▶ [DATASET SECTION]
# # # # #

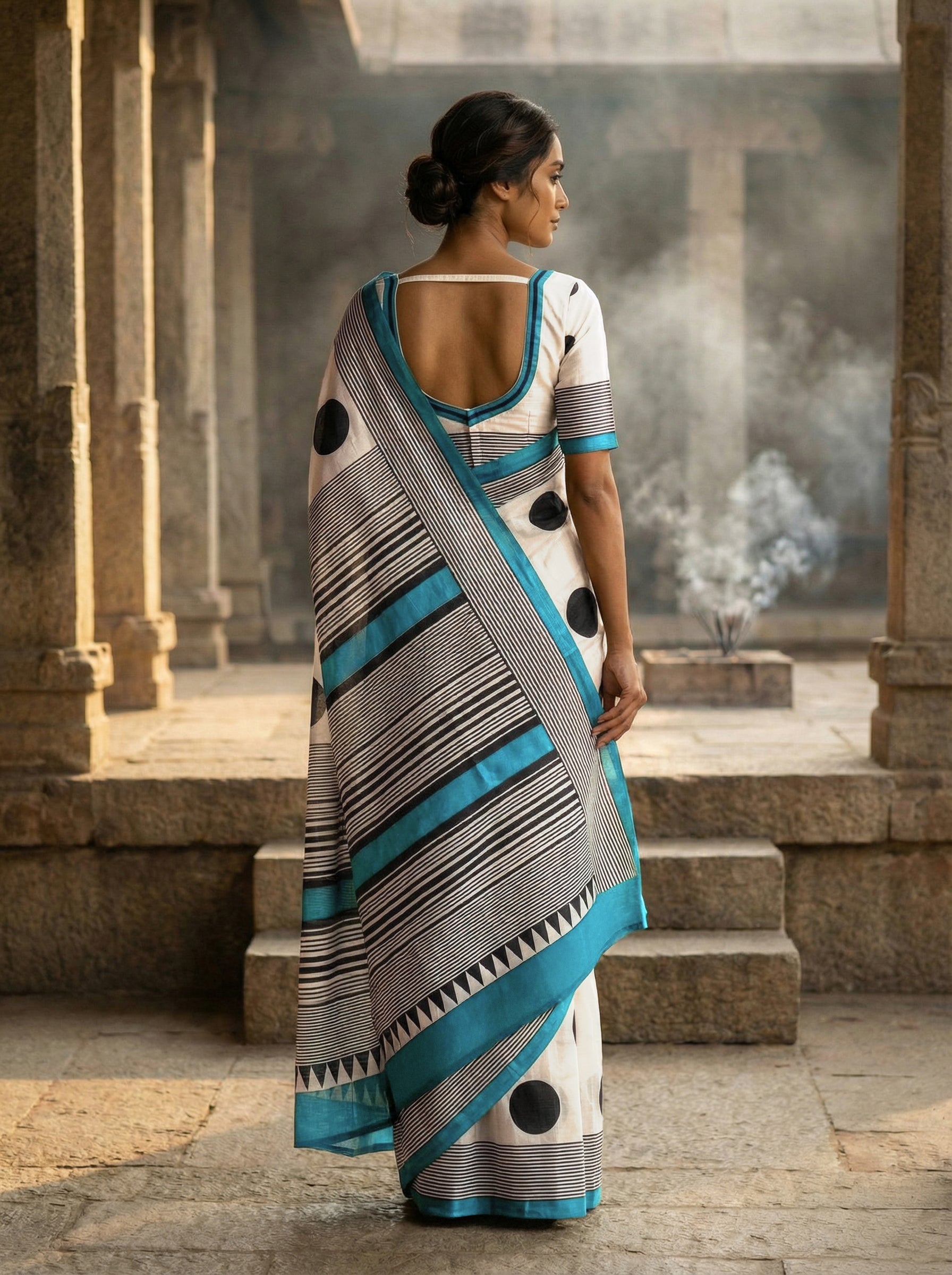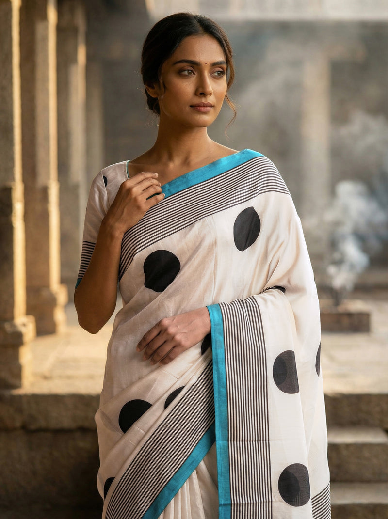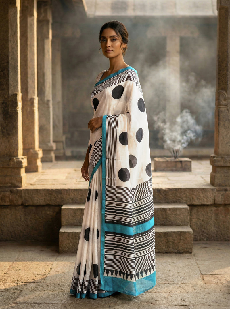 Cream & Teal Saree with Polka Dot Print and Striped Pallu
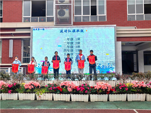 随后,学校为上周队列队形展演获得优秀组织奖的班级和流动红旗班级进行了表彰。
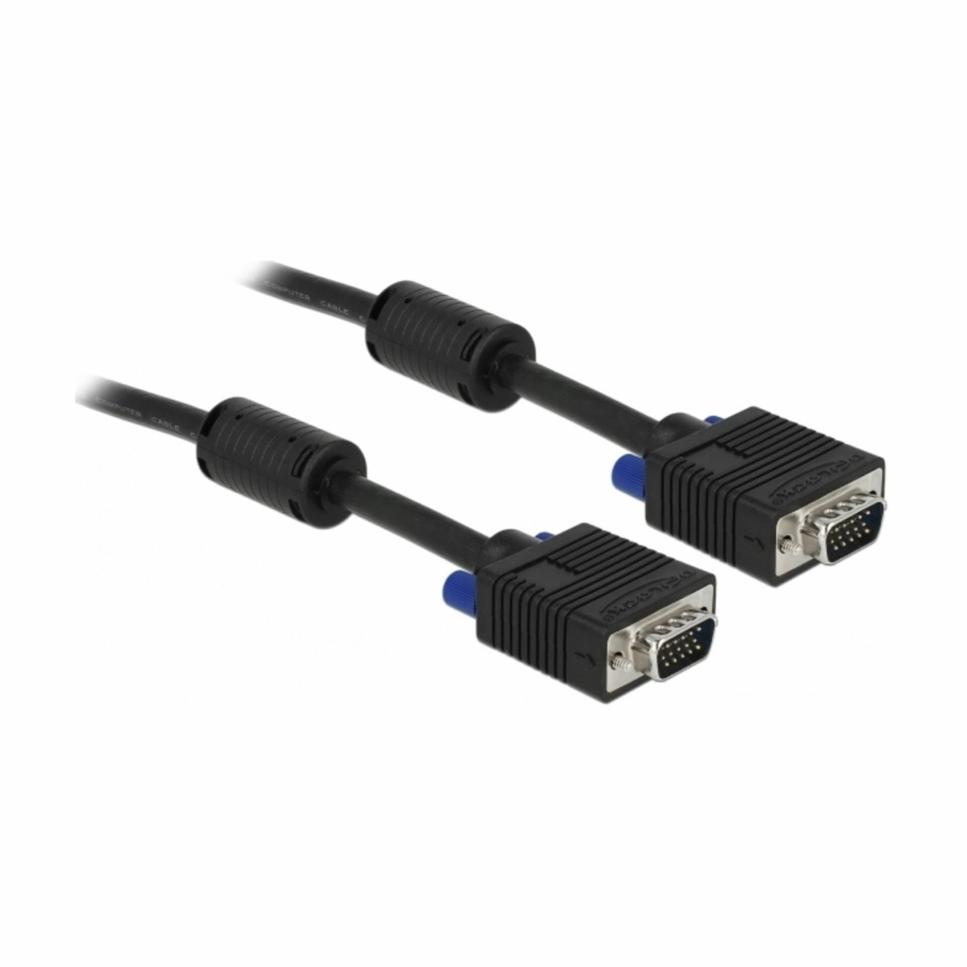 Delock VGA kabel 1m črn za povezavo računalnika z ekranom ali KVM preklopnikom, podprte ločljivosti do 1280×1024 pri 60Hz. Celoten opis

# # # # #

▶ [TASK REQUIREMENTS]
Please retype, exactly as they appear, the lines from the one with "随后,学校为上周队列队形展演获得优秀组织奖的班级和流动红旗班级进行了表彰。" through the final line of the material, both included, and drop any pictures.

▶ [EXERCISE ANSWER]
 随后,学校为上周队列队形展演获得优秀组织奖的班级和流动红旗班级进行了表彰。
 Delock VGA kabel 1m črn za povezavo računalnika z ekranom ali KVM preklopnikom, podprte ločljivosti do 1280×1024 pri 60Hz. Celoten opis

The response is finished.